MY-T study: Symptom-based titration decisions when using testosterone nasal gel, Natesto®

madman

Super Moderator
Abstract

Introduction: Natesto®, testosterone nasal gel (TNG), is a testosterone therapy (TTh) indicated for adult male hypogonadism.1 This study allowed titration decisions to be based on physicians’ assessment of patient symptoms.

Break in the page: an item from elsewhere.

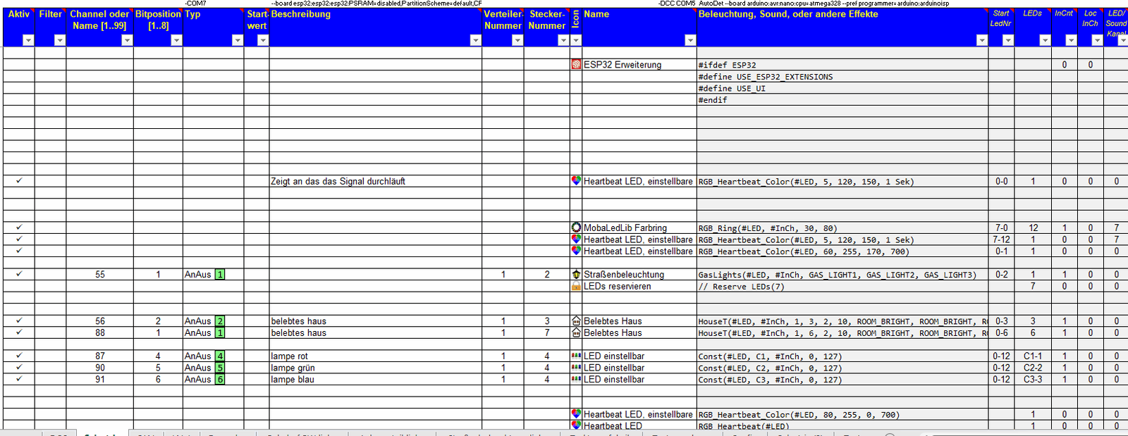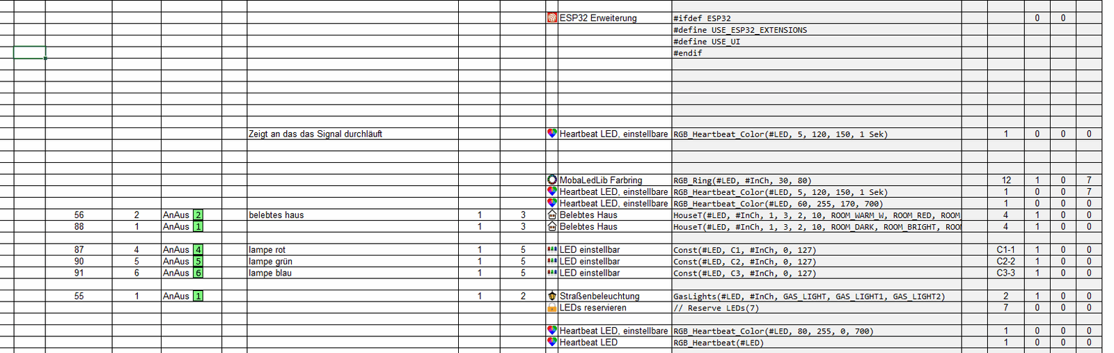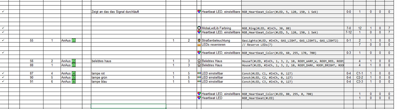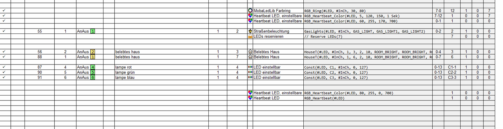 dann stimmt die Reihenfolge im Programmgenerator noch nicht ganz. Die Zeilen müssen genau so untereinander stehen, wie die Reihenfolge der belegten Wannenstecker des Verteilers. Das musst Du genau so umsortieren wie die Liste in meinem letzten Beitrag. Die Reserve-LEDs nicht vergessen. Die gehören weiter zu den Straßenlaternen.

Methods: Hypogonadal males on active topical testosterone therapy (TThE) or naive to any form of testosterone therapy (TThN) were treated with 22 mg TNG daily (11 mg twice daily) for 90 days. Titration was determined by the physician at Day 90 wherein the dose was increased to 33 mg daily if symptoms were not properly managed. Total testosterone (TT) levels were collected at Day 90 and 120 and the quantitative Androgen Deficiency in the Aging Male (qADAM) symptom questionnaire was administered on Days 0, 30, 60, 90, and 120.

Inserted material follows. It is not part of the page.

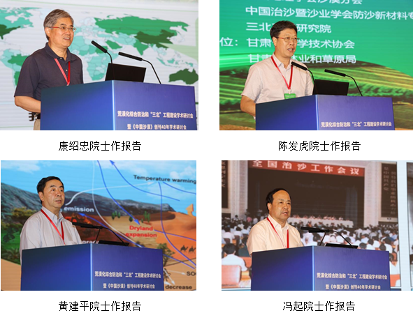研討會以“荒漠化綜合防治和‘三北’工程建設(shè)”為主題,旨在深入學(xué)習(xí)貫徹落實(shí)習(xí)近平總書記關(guān)于加強(qiáng)荒漠化綜合防治和推進(jìn)生態(tài)工程建設(shè)重要講話精神,推動山水林田湖草沙一體化保護(hù)和系統(tǒng)治理,總結(jié)和交流相關(guān)研究成果,促進(jìn)人與自然和諧共生。大會邀請了丁一匯、姚檀棟、侯立安、鄭曉靜、康紹忠、陳發(fā)虎、黃建平、馮起、方小敏、朱教君等10位院士和王濤、李新榮、楊小平、董治寶、陳亞寧、鹿化煜、屈建軍、楊文斌等8位專家作主題報告,并組織了14個分論壇的專題報告。南志標(biāo)、賴遠(yuǎn)明、楊志峰院士參會??凳啦?、曹廣超、盧琦、李廣、勾曉華、楊興國分別主持大會主題報告。與會專家學(xué)者圍繞荒漠化綜合防治和“三北”工程建設(shè)的新理念、新技術(shù),深入探討了荒漠化地區(qū)氣候變化與生態(tài)系統(tǒng)響應(yīng)、荒漠生態(tài)修復(fù)與治理、全球氣候變化對西北暖濕化趨勢的影響等前沿問題。

Results: At study endpoint, 77.0% of all patients were in the normal TT range. Mean qADAM scores increased from 30.8 at baseline to 35.5 (6.6) at Day 90. Physician assessments resulted in 37% patients being up-titrated for an additional 30 days, however, qADAM scores did not change significantly at the higher dose.

Conclusions: The majority of patients achieved the normal range of testosterone with TNG when physicians based their titration decision on an assessment of symptoms. Sexual function and energy-related symptoms were predictive of improvements resulting from treatment. These symptoms were the most relevant indicators for physicians in making decisions relating to titration.














Conclusion
Titration based on symptoms was successful in achieving normal levels of TT in 77% of patients. Statistically significant improvements in symptoms were observed for treatment naïve patients, as well as for patients switching from a topical form of testosterone. Interestingly, 63% of patients remained at the starting 22 mg dose, while 37% were up-titrated. Patients who would most likely benefit from an increased dose can be identified based on assessment of libido, energy and strength/endurance, which correlated well with testosterone level improvements and symptom reduction. Symptom-based titration facilitates titration decisions without increased risk to patients. Finally, a significant proportion of patients (61%) in the trial who were either initiated on or switched to TNG reportedly sought to continue treatment with TNG as a medication of choice after completion of the treatment phase, suggesting that overall treatment outcomes with TNG, as well as the requirement for repeat dosing, were acceptable to patients.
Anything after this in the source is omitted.